- [Work task]
Repeat, exactly as written, the line containing "Abb. 3: Das Leben der Menschen im Conventillo" and each line after it through the end of the data.

- [Items from a dataset]
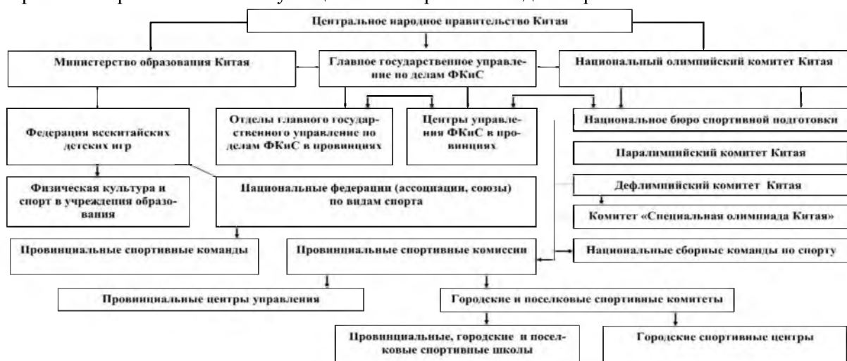
Рисунок 2 – Организационно-институциональная модель управления физической культурой и спортом в Китае (Составлено автором на основе [21, 25-30])

Спортивные интернаты, в КНР выступают в роли первого звена подготовки будущих спортсменов-профессионалов. Молодые спортсмены проводят здесь круглые сутки. Первая половина дня здесь посвящена изучению общеобразовательным предмета, а вторая – совершенствованию учащихся в избранном виде спорта.
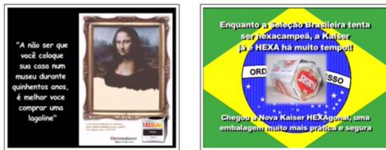
Exemplos de propagandas estáticas (cartazes).
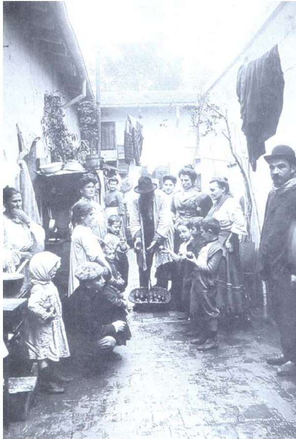
Abb. 3: Das Leben der Menschen im Conventillo

geographisch neue Räume erschlossen und nun auch vermehrt die den historischen Kern umliegenden Gebiete besiedelt wurden (Collier 1995: 34, Janke 1984: 43). Der enorme Bevölkerungszustrom in die Städte am Rio de la Plata äußerte sich zunächst auch in einer äußerst schlechten Wohnsituation, wobei sich die Einwanderer in so genannten „ conventillos “ (Wohnquartieren) zusammenpferchten, und dort meist zu unmenschlichen Bedingungen „hausten“ (Salas 2002: 45ff).

- [Response]
Abb. 3: Das Leben der Menschen im Conventillo

geographisch neue Räume erschlossen und nun auch vermehrt die den historischen Kern umliegenden Gebiete besiedelt wurden (Collier 1995: 34, Janke 1984: 43). Der enorme Bevölkerungszustrom in die Städte am Rio de la Plata äußerte sich zunächst auch in einer äußerst schlechten Wohnsituation, wobei sich die Einwanderer in so genannten „ conventillos “ (Wohnquartieren) zusammenpferchten, und dort meist zu unmenschlichen Bedingungen „hausten“ (Salas 2002: 45ff).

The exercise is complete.